This exercise asks for an exact copy of every entry below, with pictures omitted.
Task material START
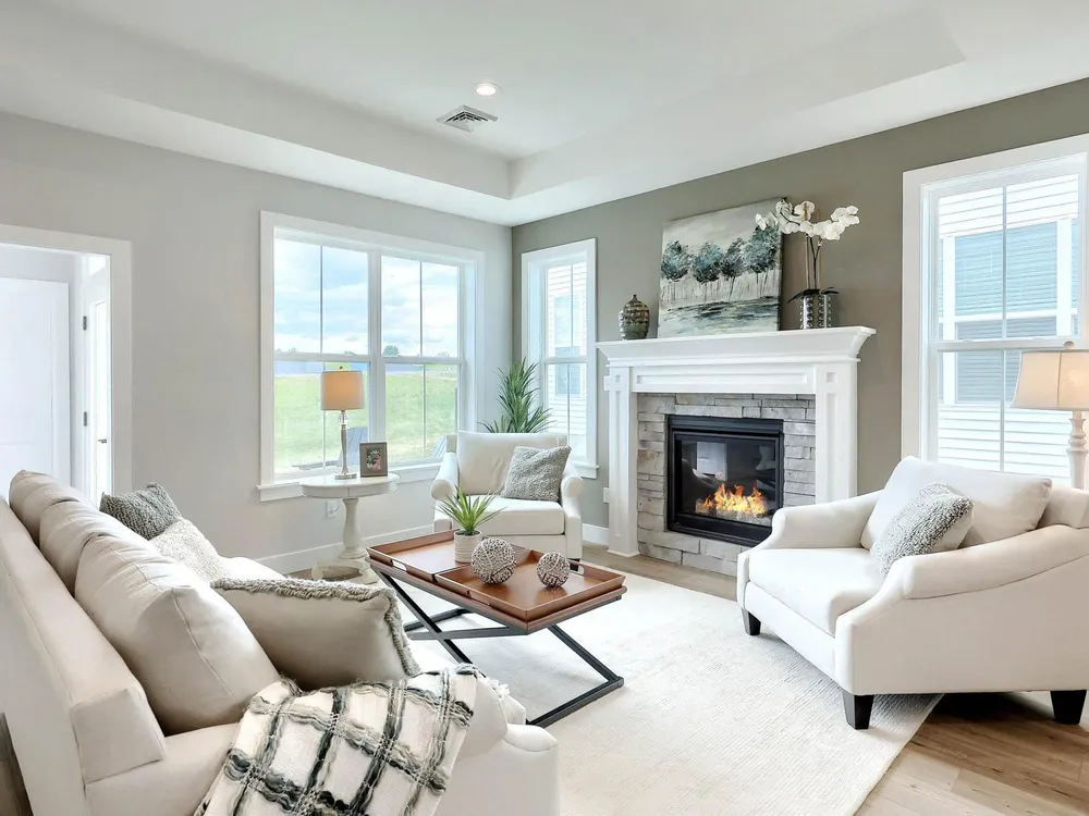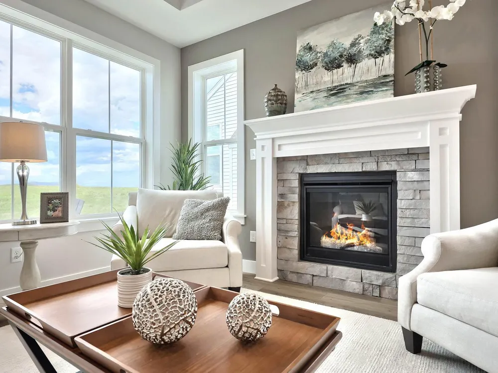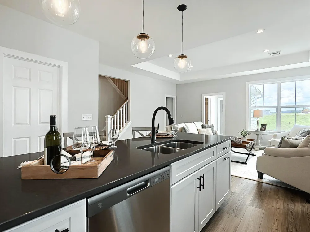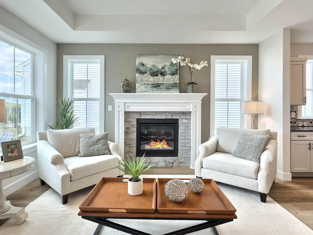 Landmark’s new duplex at Winding Creek 55+ is a thoughtfully designed 1-story home with 2 bedrooms, 2 full baths and a 2-car garage. The private side entry opens to the foyer and a formal dining room with a cathedral ceiling. The kitchen is well-equipped with stainless steel appliances, quartz countertops, a tile backsplash, and a large pantry. The great room, accented by a tray ceiling, is warmed by a gas fireplace with a stone surround. Both bedrooms are tucked quietly to the back of the home. The owner’s suite has an oversized closet and a private bathroom with a tile shower.
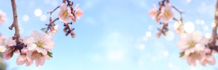 Beautiful Pink Sakura flowers, cherry blossom during springtime against blue sky, banner size
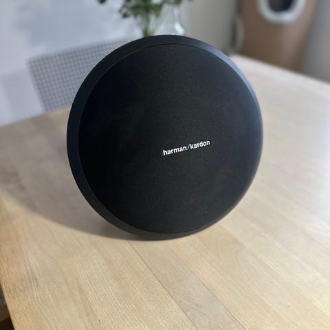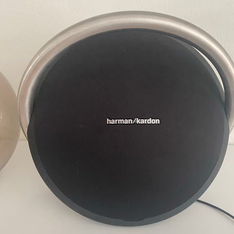 Harman Kardon bluetooth-högtalare i svart färg. Rund fristående modell med inbyggda stödben och bärhandtag på baksidan. Högtalaren har volymkontroller på ovansidan och anslutningar på baksidan. Nätadapter och strömkabel ingår enligt bild. Passar för trådlös uppspelning av ljud från kompatibla enheter via bluetooth i hemmet eller på kontoret.
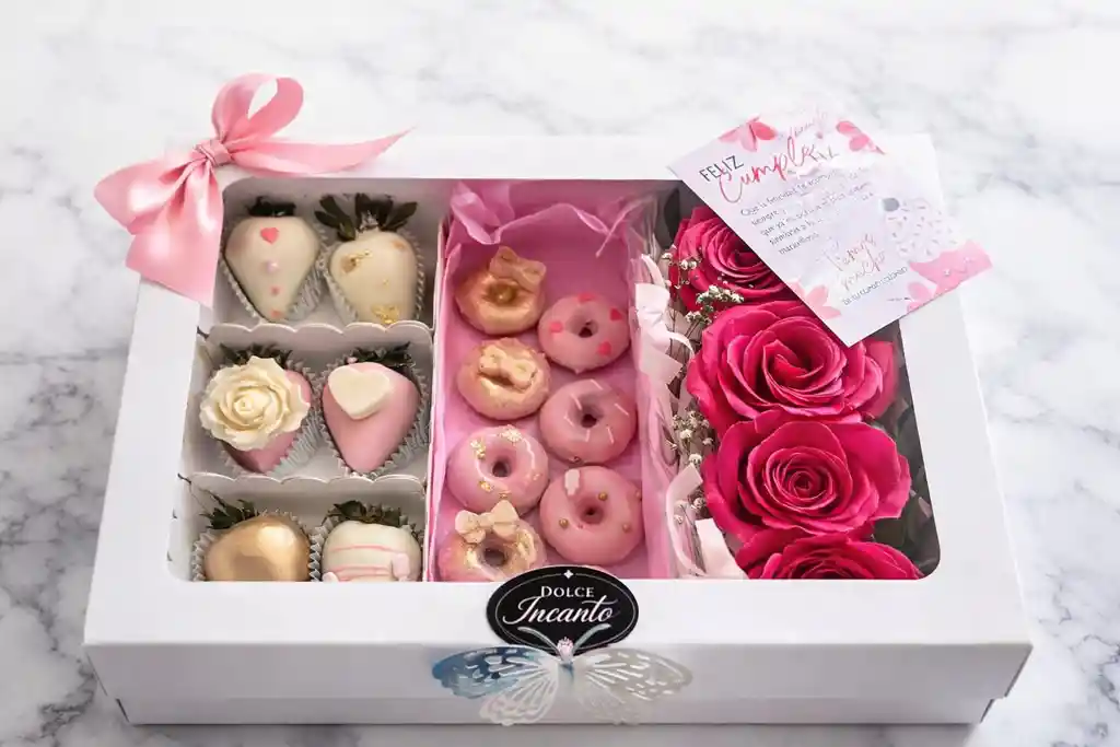 Una gift box de presentación blanca con tapa de ventana de acetato transparente, decorada con un gran lazo de cinta satinada rosa y una mariposa en el frente. En su interior encontraras tres secciones: 4 rosas 6 fresas cubiertas con chocolate, decoradas de manera muy detallada 8 mini donas cubiertas de chocolate blanco y rosa decoradas de una manera hermosa y elegante puedes escoger una Tarjeta personalizada
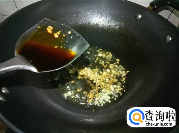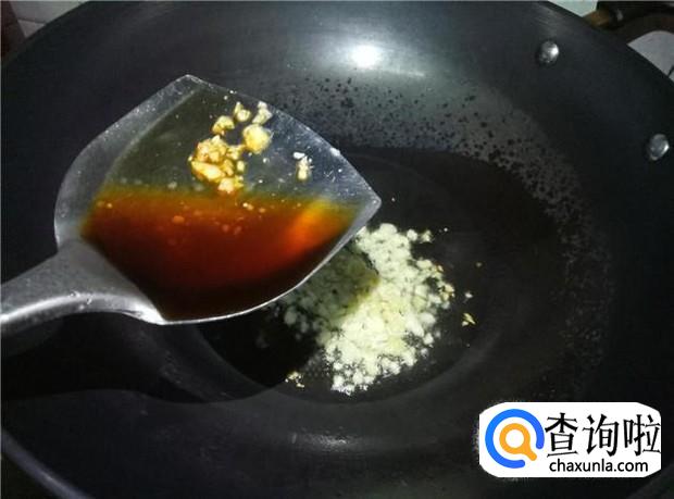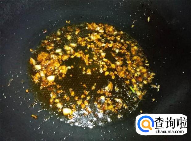 热锅下油,放入蒜蓉煸香;
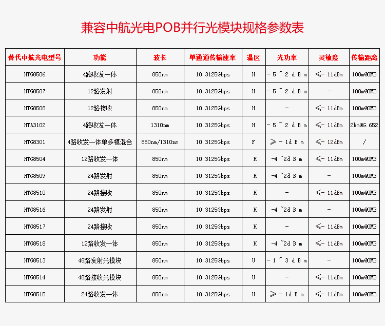 应用领域:光背板传输;板级光互连;高清音视频光传输;Ethernet/ Fiber Channel
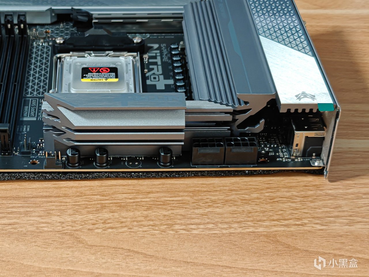 板子雖小,供電強大。這款主板採用了12+2+1路智能供電,最高可以支持AMD R9 9950X。VRM散熱片採用了褶皺式設計,而且褶皺密度較大,包括散熱片表面也是溝槽式的,總體散熱面積增加很多。
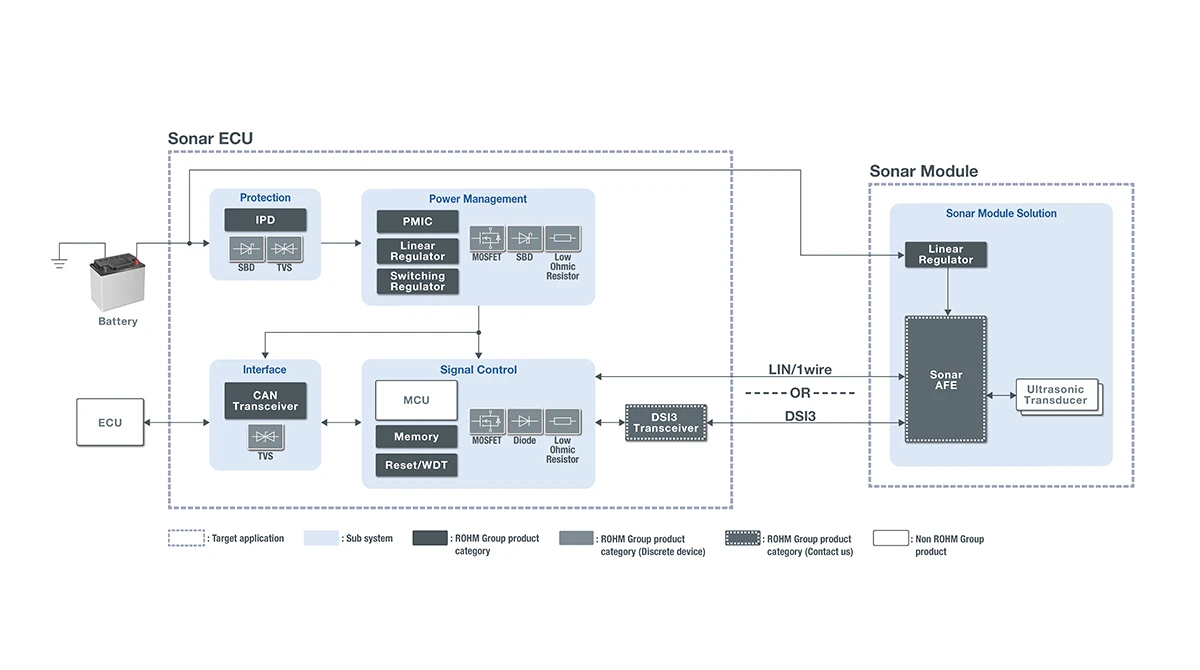 Bei ADAS und autonomem Fahren (AD) werden vier Arten von Sensoren zur Erfassung der Umgebung eingesetzt: Radar, LiDAR, Ultraschall-Sonar und Kameras. Ultraschall-Sonar eignet sich hervorragend für die Überwachung und Objekterkennung im Nahbereich und wird daher beispielsweise in Einparkhilfen eingesetzt.
Task material END
Response box –
 Landmark’s new duplex at Winding Creek 55+ is a thoughtfully designed 1-story home with 2 bedrooms, 2 full baths and a 2-car garage. The private side entry opens to the foyer and a formal dining room with a cathedral ceiling. The kitchen is well-equipped with stainless steel appliances, quartz countertops, a tile backsplash, and a large pantry. The great room, accented by a tray ceiling, is warmed by a gas fireplace with a stone surround. Both bedrooms are tucked quietly to the back of the home. The owner’s suite has an oversized closet and a private bathroom with a tile shower.
 Beautiful Pink Sakura flowers, cherry blossom during springtime against blue sky, banner size
 Harman Kardon bluetooth-högtalare i svart färg. Rund fristående modell med inbyggda stödben och bärhandtag på baksidan. Högtalaren har volymkontroller på ovansidan och anslutningar på baksidan. Nätadapter och strömkabel ingår enligt bild. Passar för trådlös uppspelning av ljud från kompatibla enheter via bluetooth i hemmet eller på kontoret.
 Una gift box de presentación blanca con tapa de ventana de acetato transparente, decorada con un gran lazo de cinta satinada rosa y una mariposa en el frente. En su interior encontraras tres secciones: 4 rosas 6 fresas cubiertas con chocolate, decoradas de manera muy detallada 8 mini donas cubiertas de chocolate blanco y rosa decoradas de una manera hermosa y elegante puedes escoger una Tarjeta personalizada
 热锅下油,放入蒜蓉煸香;
 应用领域:光背板传输;板级光互连;高清音视频光传输;Ethernet/ Fiber Channel
 板子雖小,供電強大。這款主板採用了12+2+1路智能供電,最高可以支持AMD R9 9950X。VRM散熱片採用了褶皺式設計,而且褶皺密度較大,包括散熱片表面也是溝槽式的,總體散熱面積增加很多。
 Bei ADAS und autonomem Fahren (AD) werden vier Arten von Sensoren zur Erfassung der Umgebung eingesetzt: Radar, LiDAR, Ultraschall-Sonar und Kameras. Ultraschall-Sonar eignet sich hervorragend für die Überwachung und Objekterkennung im Nahbereich und wird daher beispielsweise in Einparkhilfen eingesetzt.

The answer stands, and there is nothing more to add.